Стивен Гросс - Искусство жить. Реальные истории расставания с прошлым и счастливых перемен
Когда за стол сел отец, Эмма показала ему свою открытку. «Нельзя говорить, что ты любишь мисс Кинг сильнее мамы, – сказал он ей, – потому что это неправда». Эмма достала из пенала розовый ластик и начала стирать последнее предложение, но отец остановил ее. «Мне все равно видно, что там было написано, – сказал он. – Надо сделать новую открытку». Именно по этой причине – потому что отец не хотел оставлять никакого следа ее слов – Эмма поняла, что совершила какой-то поистине дурной поступок.
Совсем скоро Эмма забыла про свою открытку и про этот разговор с отцом. Но через двадцать три года она вспомнила эту ситуацию во время сеанса психоанализа.
* * *В то утро Эмма договорилась со своим бойфрендом Марком встретиться в кофейне, но опоздала. Вскоре после ее прихода у них разгорелся спор о взаимоотношениях Эммы с ее подругой Фиби. Марк настаивал, что Эмме надо прекратить видеться с Фиби, потому что после общения с ней Эмма начинает хуже относиться к себе самой.
– Марк не понимает, почему она мне нравится, – сказала Эмма мне позднее. – Он говорит, что я после встреч с Фиби всегда возвращаюсь печальная и расстроенная.
– А это так? – спросил я.
– Марк говорит, что так.
– Я не спрашиваю, что вы чувствуете по словам Марка. Мы с вами пытаемся разобраться, что вы чувствуете на самом деле.

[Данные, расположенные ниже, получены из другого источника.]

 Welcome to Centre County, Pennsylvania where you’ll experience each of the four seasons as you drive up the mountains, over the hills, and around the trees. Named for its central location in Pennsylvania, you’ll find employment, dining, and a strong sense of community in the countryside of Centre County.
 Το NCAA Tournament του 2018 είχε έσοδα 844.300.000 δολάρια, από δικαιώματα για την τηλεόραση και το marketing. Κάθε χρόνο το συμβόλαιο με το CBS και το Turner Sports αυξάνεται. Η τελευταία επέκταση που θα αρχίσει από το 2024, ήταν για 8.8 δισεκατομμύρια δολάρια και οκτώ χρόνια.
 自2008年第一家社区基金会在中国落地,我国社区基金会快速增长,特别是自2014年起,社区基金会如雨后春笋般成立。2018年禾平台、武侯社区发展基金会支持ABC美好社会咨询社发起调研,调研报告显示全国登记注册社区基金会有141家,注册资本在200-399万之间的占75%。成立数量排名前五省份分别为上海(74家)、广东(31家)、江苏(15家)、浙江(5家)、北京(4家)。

– Но он должен быть прав… Зачем ему врать?
Именно в этот момент, не получив от меня моментального ответа, она и вспомнила про мисс Кинг.
Я занимался лечением Эммы уже почти год. Изначально она пришла ко мне, потому что впала в острую депрессию, начав работать над диссертацией. Ей прописали антидепрессанты.

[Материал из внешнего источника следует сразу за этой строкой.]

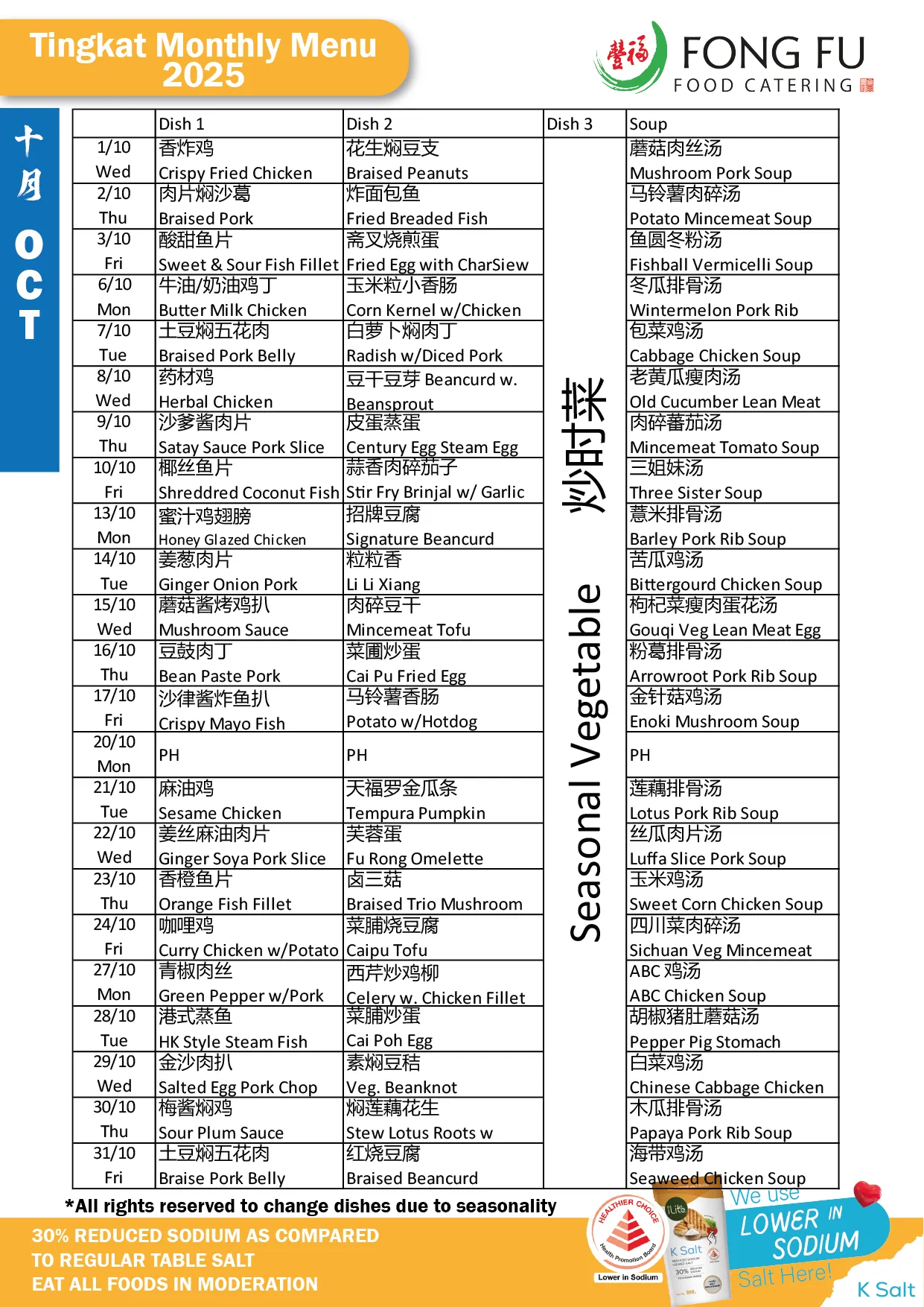 Delivery: Tingkat Services is only served from Monday to Friday. No delivery on Public Holidays, Saturdays/Sundays. No delivery charge.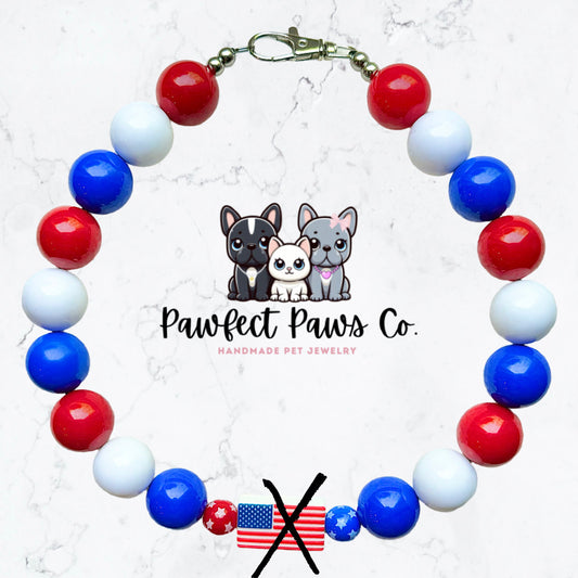 Pawty in the USA* Red, White & Blue America Custom Beaded Dog/Cat Collar Necklace!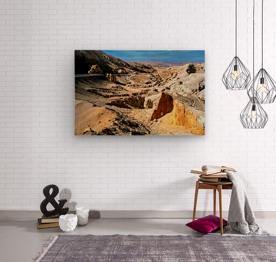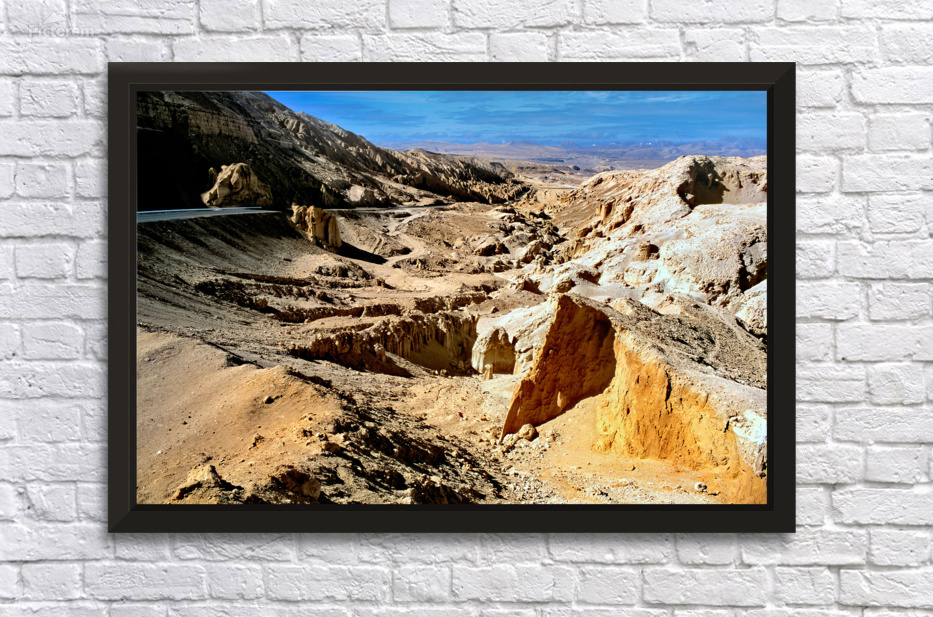 "Dramatic arid mountain landscape with a winding road." in a framed print.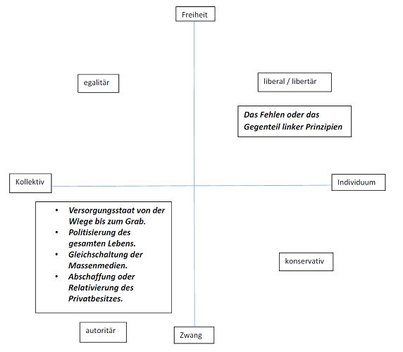 Ordnet man die politischen Positionen dagegen auf einem zweidimensionalen Schema ein, wird sofort deutlich, weshalb es immer wieder zu vermeintlichen Übereinstimmungen zwischen „lechts und rinks“ kommt. Die hier vorgeschlagene Einteilung, orientiert sich an einer vom Kollektiv zum Individuum gehenden x-Achse und einer vom Zwang zur Freiheit gehenden y-Achse. Fügt man den oben angeführten Katalog des als „links“ definierten Denkens in dieses Diagramm ein, ist sein Platz im linken unteren, als „autoritär“ definierten Quadranten. Hier finden sich gleichermaßen der Bolschewismus (mit stärkerer Ausprägung in Richtung Kollektiv) wie auch der Nationalsozialismus (mit stärkerer Ausprägung in Richtung Zwang).

Ее психиатр попросил принять ее после того, как она рассказала ему, что страстно хочет с кем-то поговорить – «проломиться через стену, не дающую нормально жить».
Во время первых сеансов Эмма говорила, что у нее было вполне нормальное, счастливое детство. Но в последующие месяцы постепенно начала вырисовываться совсем другая картина. Отец Эммы много работал и часто отсутствовал дома, мать была женщиной закомплексованной и неуверенной в себе. Родители часто ссорились.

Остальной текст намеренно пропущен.